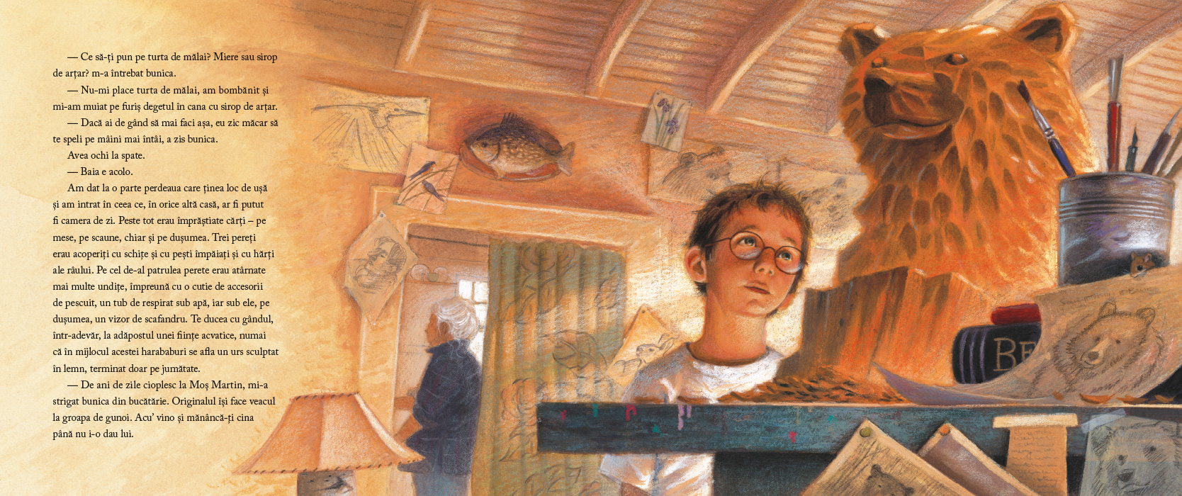 Povestea lui Jim LaMarche nu este numai despre o vară extraordinară petrecută de un copil pe malul unui râu, împreună cu bunica sa care pictează, sculptează și pescuiește. Nici joaca subacvatică printre vidre și pești, nici salvarea unui pui de căprioară, nici săriturile spectaculoase în apă nu sunt cele mai importante lucruri care se petrec în carte.
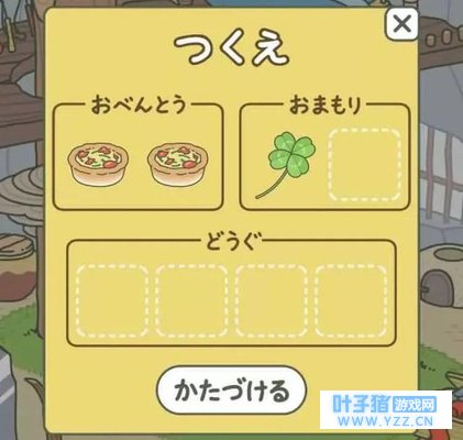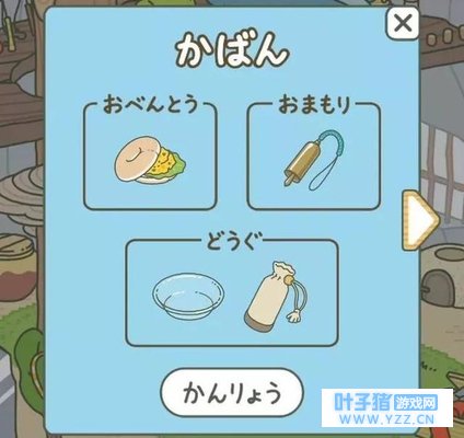 点击「したく」,会出现蓝色 「かばん」 (背包)界面,这里装的是蛙儿出门时要带的东西,把便当、护身符和道具都准备过后,点击下方 「かんりょう」 即可。
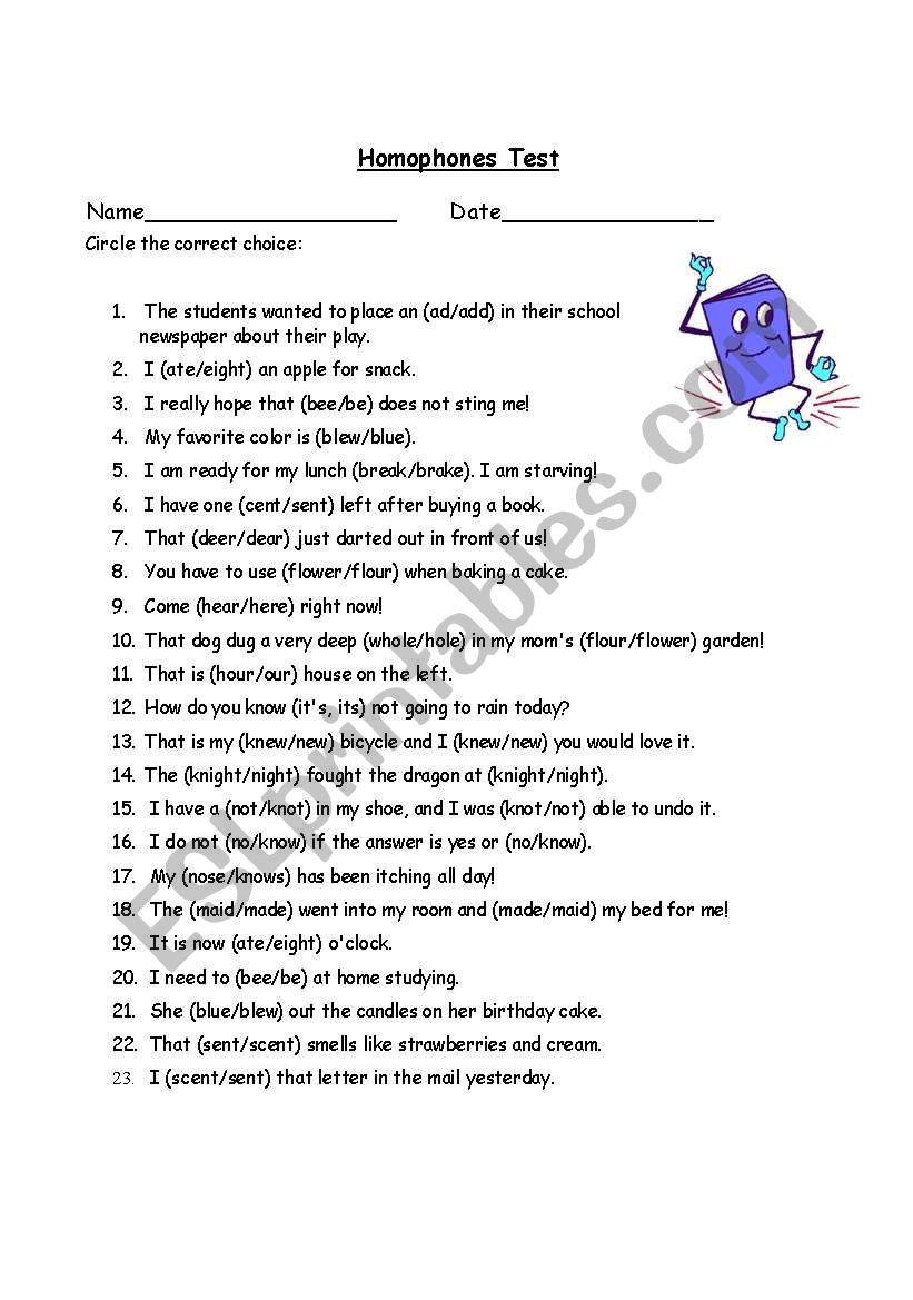 Grammar worksheets > Phonetics > Homophones > Homophones
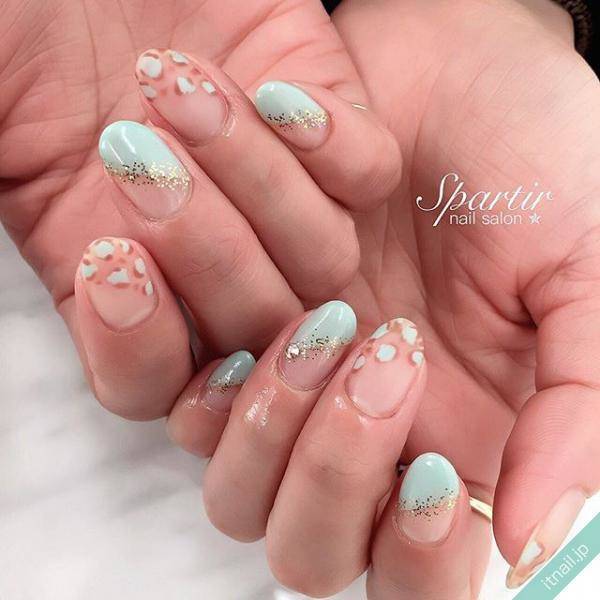 爪の先端にだけ、水色×ブラウンのレオパード柄を描いて、レオパードフレンチのようにアレンジするのも素敵なアイデアです。根元がクリアなので爽やかにきまります。ほかの爪は、水色の斜めフレンチにし、ゴールドのラメを散りばめましょう。
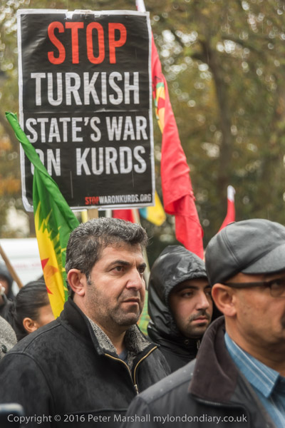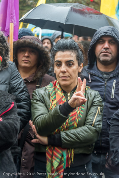 People listen to speeches in front of the Turkish embassy in the rain
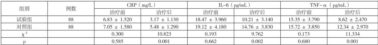 干预后试验组CRP、IL-6、TNF-α 水平均明显低于对照组患者, (p<0.05) 。结果详见表3。
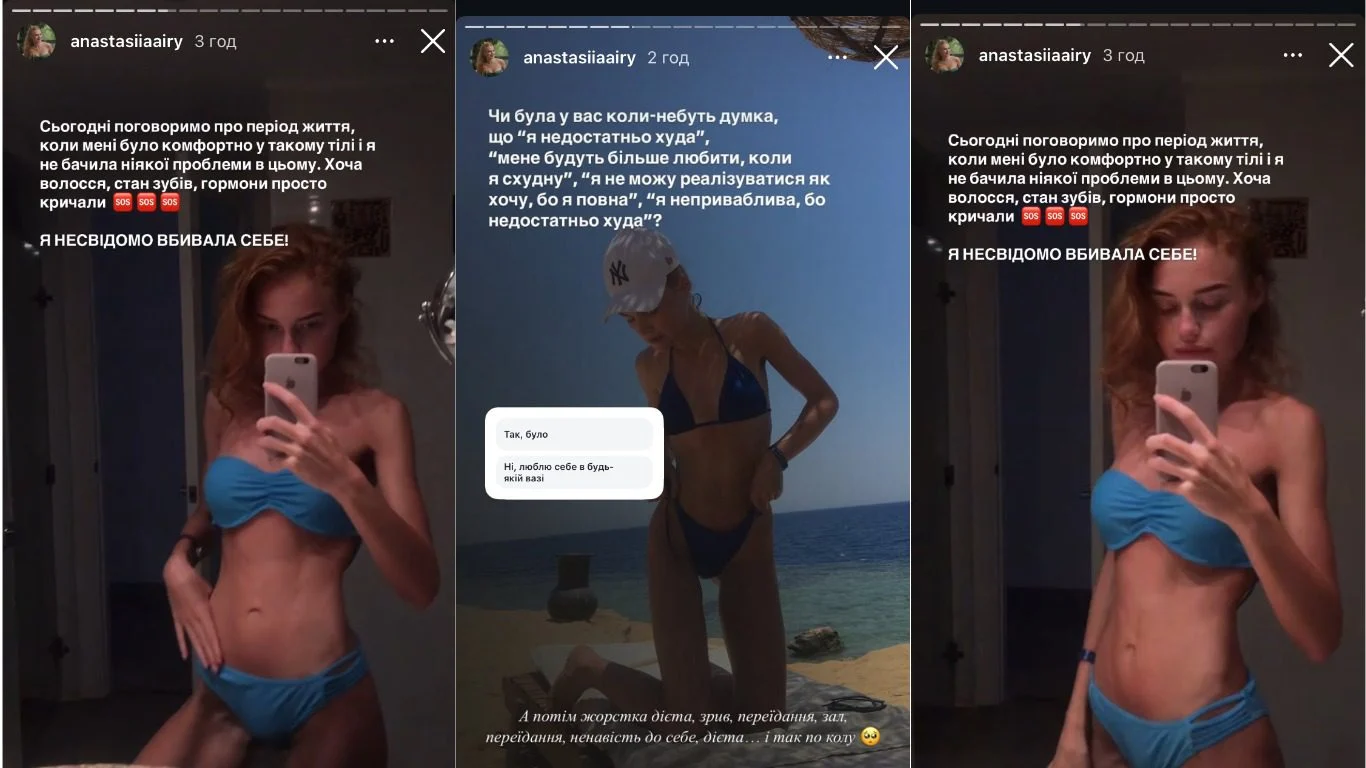 Відверто кажучи, це був непростий період для Анастасії. За її словами, тоді вона несвідомо завдавала шкоди власному здоров’ю, але відмовлялася зупинятися, перебуваючи в полоні власних міркувань. Ймовірно, без підтримки та професійної допомоги, вона б не змогла знайти сили для боротьби.
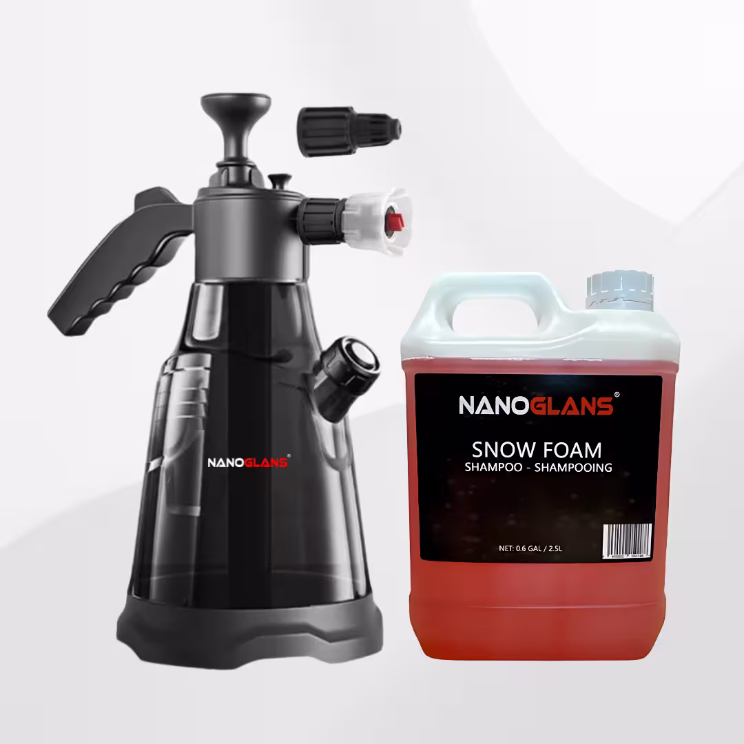 Möchten Sie Ihr Auto streifenfrei sauber ohne zu kratzen? Die Nanoglans Handschäumer in Kombination mit dem Schnee-Schaum 2.5L ist das perfekte Vorwaschmittel, um hartnäckigen Schmutz vor der Handwäsche einzuweichen.
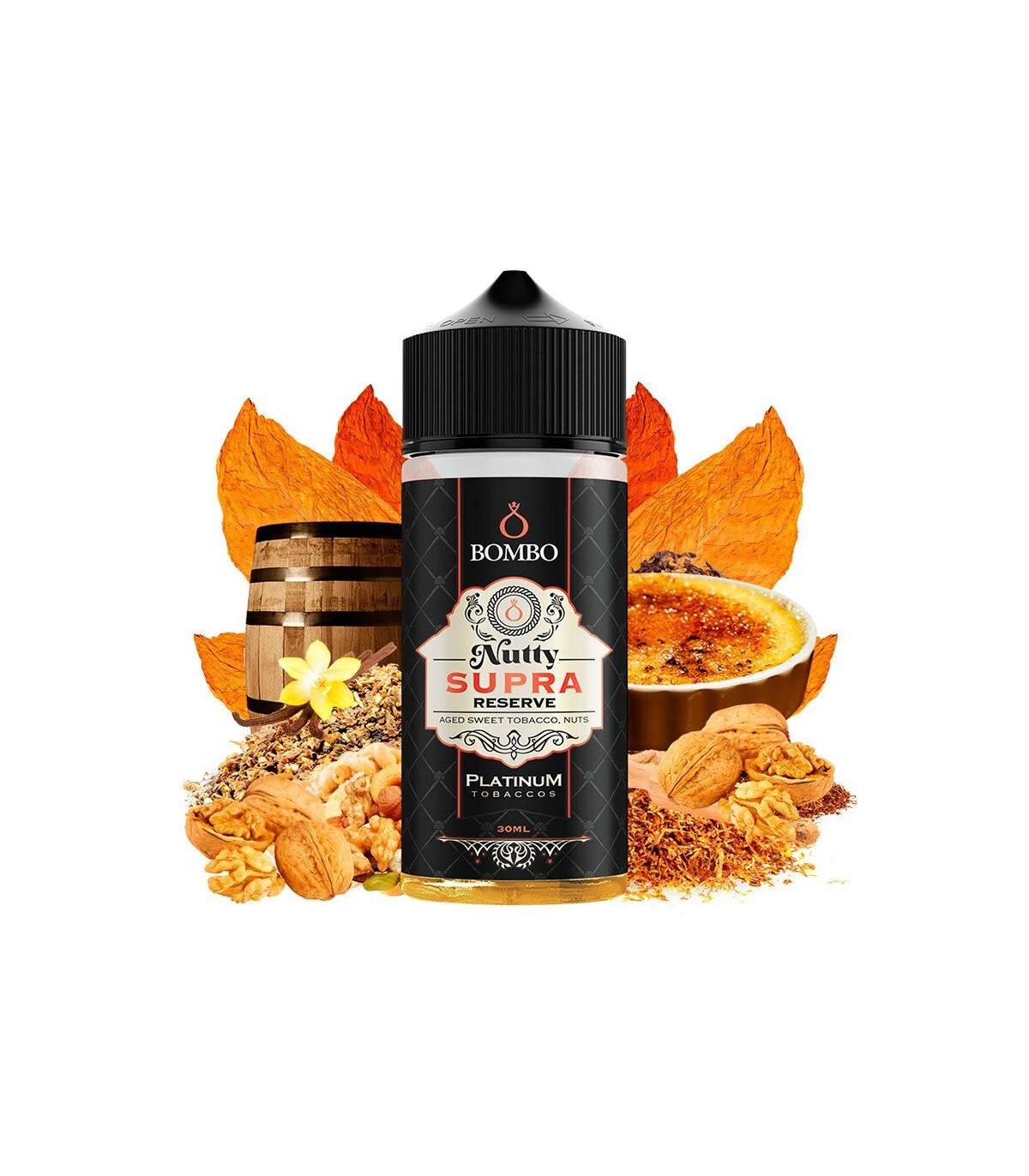 El aroma Nutty Supra Reserve en formato Longfill de Platinum Tobaccos by Bombo es una variación de Supra (Mejor Tabaquil en Vapexpo 2022), famoso por su exquisito sabor a tabaco dulce con matices acaramelados y tostados, ahora combinado con deliciosa crema de frutos secos.
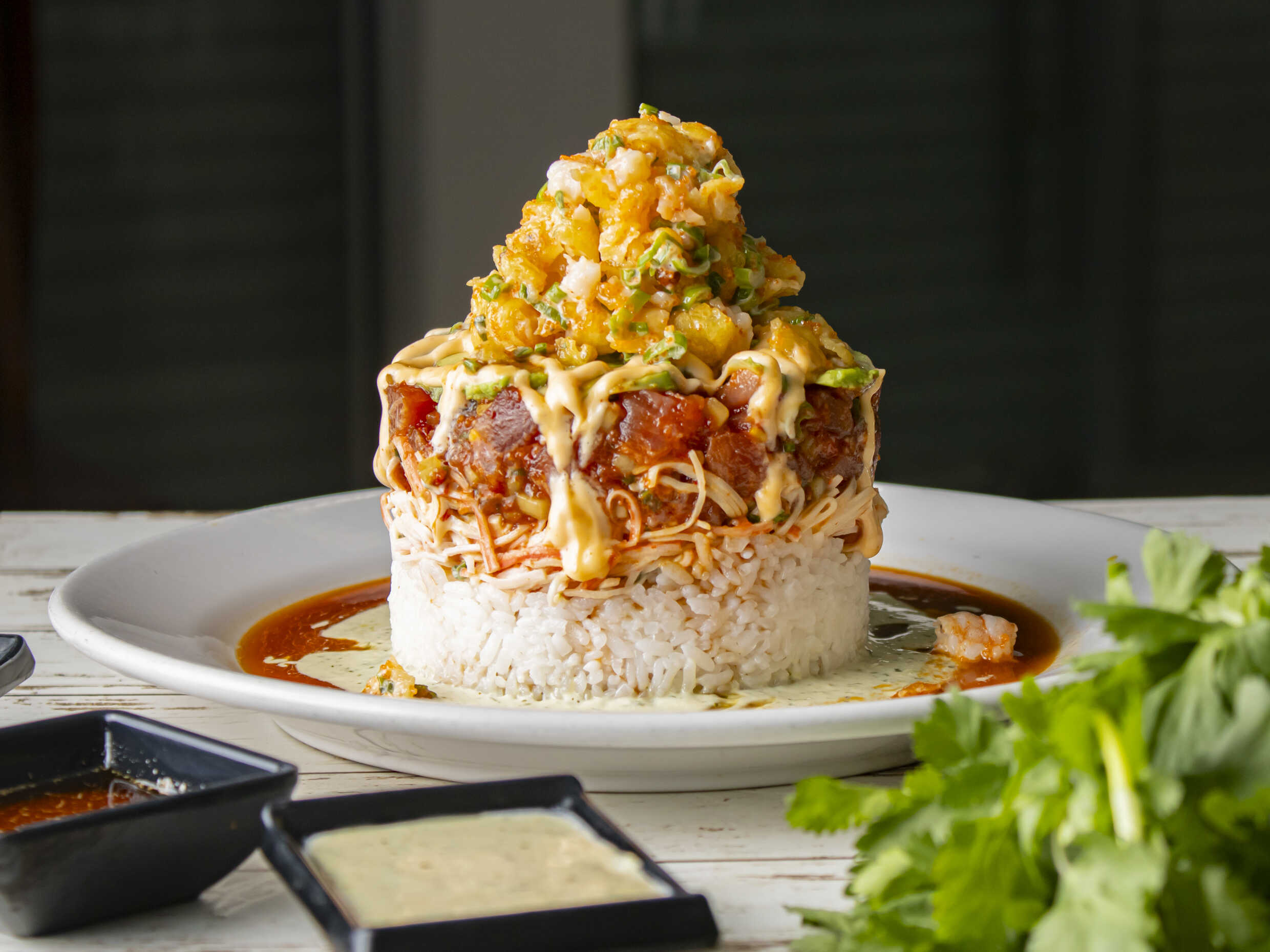 2 Personas. Arroz, spicy de cangrejo, mix de atún, mango, pepino, masago y limón real en una salsa especial sobre un espejo de aderezo cilantro, salsa serranito. Coronado con aguacate y camarón tempura spicy bañado en aderezo spicy y salsa de anguila. 840 g.
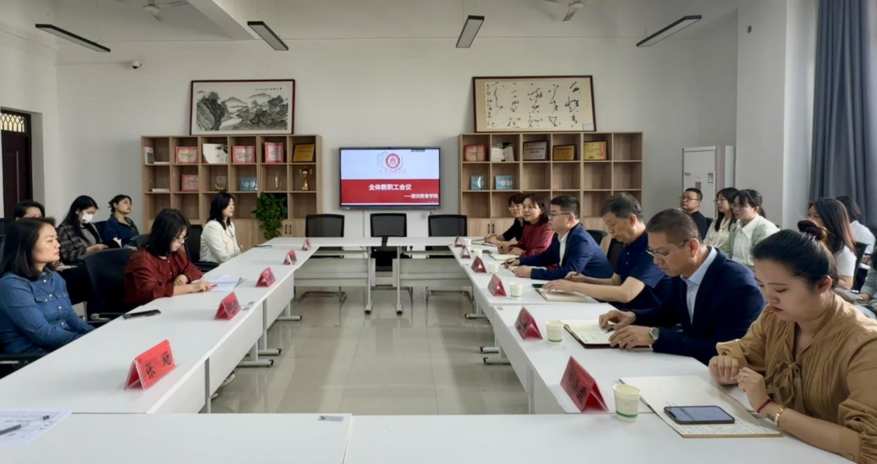 4月22日上午,西安工商学院通识教育学院(含国际教育学院)召开全体教职工大会,宣布学院干部任职决定。副董事长、常务副校长龙和平,校党委副书记、纪委书记杨红雨,人事处处长闫海霞,通识教育学院院长董宝绥,国际教育学院院长王嘉盈,新任教学副院长虞新学和学院在职教职工参加大会。会议由闫海霞处长主持。
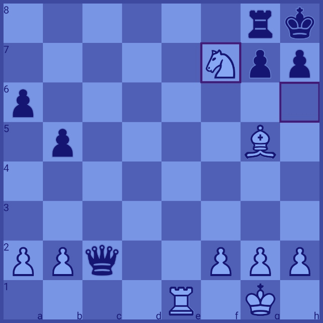 Rxe8 Rxe8 22. Nd6 Rf8 23. Re1 {a quiet move bringing the last piece into play} Qxc2 24. Qxe6+ Kh8 25. Nf7+ Kg8 26. Nh6+ Kh8 27.
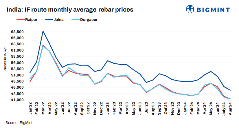 India’s induction furnace (IF)-route rebar prices remained under pressure in August 2024. Rebar (Fe 500) prices dropped in the range of INR 200-1,700/tonne (t) m-o-m as per BigMint data.

◆ ◆ ◆

--- Your goal ---
Please retype, exactly as they appear, the lines from the one with "Grammar worksheets >" through the final line of the material, both included, and drop any pictures.

--- Exercise answer ---
 Grammar worksheets > Phonetics > Homophones > Homophones
 爪の先端にだけ、水色×ブラウンのレオパード柄を描いて、レオパードフレンチのようにアレンジするのも素敵なアイデアです。根元がクリアなので爽やかにきまります。ほかの爪は、水色の斜めフレンチにし、ゴールドのラメを散りばめましょう。
 People listen to speeches in front of the Turkish embassy in the rain
 干预后试验组CRP、IL-6、TNF-α 水平均明显低于对照组患者, (p<0.05) 。结果详见表3。
 Відверто кажучи, це був непростий період для Анастасії. За її словами, тоді вона несвідомо завдавала шкоди власному здоров’ю, але відмовлялася зупинятися, перебуваючи в полоні власних міркувань. Ймовірно, без підтримки та професійної допомоги, вона б не змогла знайти сили для боротьби.
 Möchten Sie Ihr Auto streifenfrei sauber ohne zu kratzen? Die Nanoglans Handschäumer in Kombination mit dem Schnee-Schaum 2.5L ist das perfekte Vorwaschmittel, um hartnäckigen Schmutz vor der Handwäsche einzuweichen.
 El aroma Nutty Supra Reserve en formato Longfill de Platinum Tobaccos by Bombo es una variación de Supra (Mejor Tabaquil en Vapexpo 2022), famoso por su exquisito sabor a tabaco dulce con matices acaramelados y tostados, ahora combinado con deliciosa crema de frutos secos.
 2 Personas. Arroz, spicy de cangrejo, mix de atún, mango, pepino, masago y limón real en una salsa especial sobre un espejo de aderezo cilantro, salsa serranito. Coronado con aguacate y camarón tempura spicy bañado en aderezo spicy y salsa de anguila. 840 g.
 4月22日上午,西安工商学院通识教育学院(含国际教育学院)召开全体教职工大会,宣布学院干部任职决定。副董事长、常务副校长龙和平,校党委副书记、纪委书记杨红雨,人事处处长闫海霞,通识教育学院院长董宝绥,国际教育学院院长王嘉盈,新任教学副院长虞新学和学院在职教职工参加大会。会议由闫海霞处长主持。
 Rxe8 Rxe8 22. Nd6 Rf8 23. Re1 {a quiet move bringing the last piece into play} Qxc2 24. Qxe6+ Kh8 25. Nf7+ Kg8 26. Nh6+ Kh8 27.
 India’s induction furnace (IF)-route rebar prices remained under pressure in August 2024. Rebar (Fe 500) prices dropped in the range of INR 200-1,700/tonne (t) m-o-m as per BigMint data.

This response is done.